Qui, la percezione di un muoversi spontaneo si fonde allora con il piacere di arrestare in qualche modo la marcia del tempo, e di tenere il futuro nel presente. Un terzo elemento interviene allora allorché i movimenti aggraziati obbediscono a un ritmo e sono accompagnati dalla musica. In tal caso il ritmo e la misura, permettendoci di prevedere ancor meglio i movimenti dell'artista, ci fanno credere di esserne i padroni. Siccome indoviniamo l'atteggiamento cha sta per assumere, quando l'assume effettivamente sembra quasi che ci stia obbedendo; la regolarità del ritmo fa sì che tra lui e noi si stabilisca una sorta di comunicazione. [...] Nel sentimento dell'aggraziato entrerà allora una specie di simpatia fisica. (Bergson 1889, trad. it. p .11)

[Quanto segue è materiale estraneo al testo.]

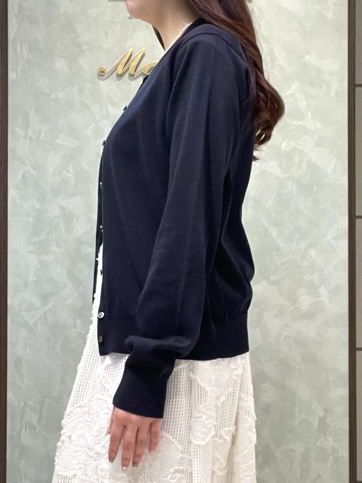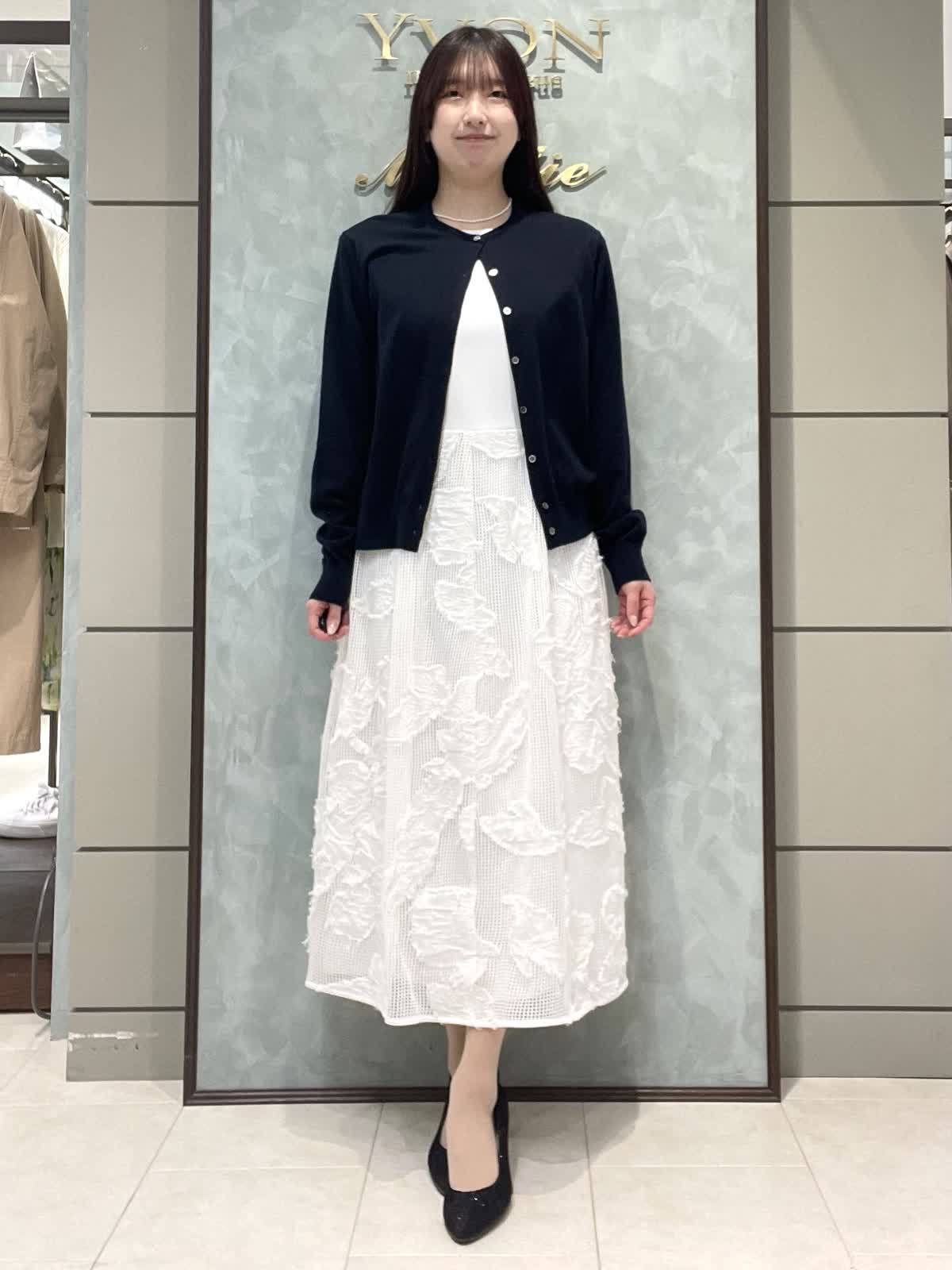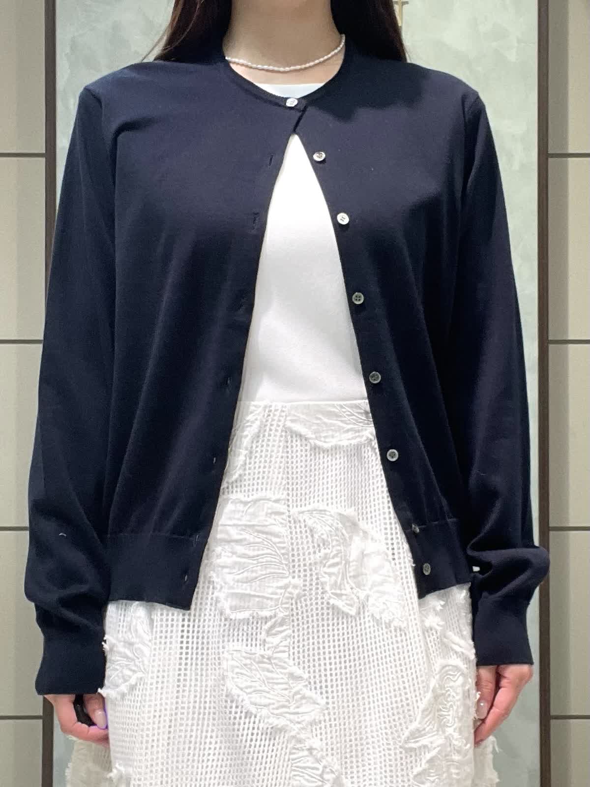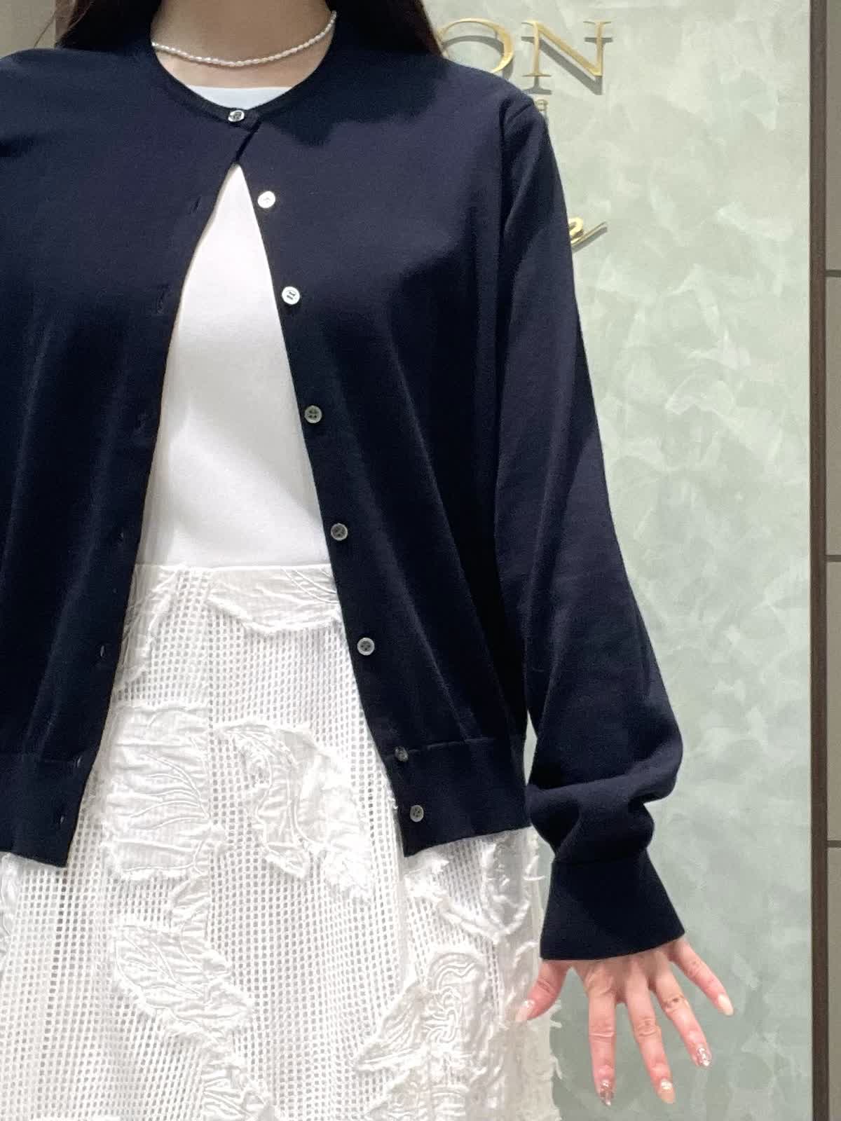 【着用サイズ】カーディガン、ワンピース:共に9号 お仕事、お顔合わせ、パーティーなど幅広いキレイめの場面で活躍するスタイリングです。 カーディガンは超ハイゲージでカットソーのようなさらっとした着心地です。ベーシックな形で流行り廃りなく、長く着用できます。ワンピースはさらっとしたカットソー生地にメッシュ地のドッキングです。首元はすっきり、お袖は肩が華奢見えするカットラインです。白でも着膨れしない、細見えシルエットです。後ろファスナー、ポケットなし。着丈は157センチでふくらはぎ下です。

Nella filosofia bergsoniana, nel nucleo del pensiero sugli «stati di coscienza», questa simpatia fisica va oltre la metafora: in presenza di uno più piaceri concepiti dall’intelligenza, afferma Bergson, il nostro corpo si orienta spontaneamente, come per una azione riflessa, verso uno di essi. Così, nell’immaginare un acuto cantato, e provando ad analizzare con attenzione quale sia la nostra idea di una nota più o meno alta, si finisce per pensare allo sforzo più o meno grande che il muscolo tensore delle vostre corde vocali dovrebbe fare per riprodurre a sua volta la nota. Ma al di là della componente somatica del pensiero del primo Bergson, certo interessante per una teoria delle passioni (pensiamo alle sue definizioni di collera), importante è sottolineare come per il filosofo francese il nostro sentire ritmico non abbia in realtà molto a che fare con il contare. La definizione di ritmo come «scansione temporale discreta» non deve trarre in inganno. Come si vedrà più avanti con Sartre, i suoni del sassofono ci giungono in modo successivo, ma tratteniamo ciascuna di queste sensazioni successive per organizzarla insieme alle altre in un gruppo che ricordi un'aria o un ritmo noto: e in questo caso non si contano i suoni, ma se ne raccogliere un'impressione per così dire qualitativa. Nel caso ci si proponga esplicitamente di contarli, sarà necessario allora dissociarli, e in questa dissociazione si instaura un ambito omogeneo in cui i suoni, svuotati della loro qualità, vuoti in un certo senso, lasciano tracce sempre uguali del loro passaggio (Bergson 1889, trad. it. p. 58). Impossibile, per Bergson, studiare le sensazioni

sulla base di questo conteggiare discreto. Ecco quindi il ricorso alla musica come esempio principe per illustrare la vita degli stati di coscienza. Le sensazioni si aggiungono dinamicamente le une alle altre, organizzandosi tra loro come le note di una melodia, una successione di cambiamenti qualitativi che si fondono, si penetrano, senza contorni precisi, senza alcuna tendenza a esteriorizzarsi gli uni rispetto agli altri. I suoni si compongono tra loro, e non agiscono grazie alla loro quantità come tale, ma grazie alla qualità che la loro quantità presenta, cioè all'organizzazione ritmica del loro insieme. Per valutare retrospettivamente il numero di colpi di piatto suonati dal batterista (poniamo quattro), la mia immaginazione deve battere di nuovo un colpo, poi due, poi tre, e finché non è giunta proprio al numero quattro, la sensibilità, consultata, ha risposto che l'effetto totale differiva qualitativamente (ivi, p. 79).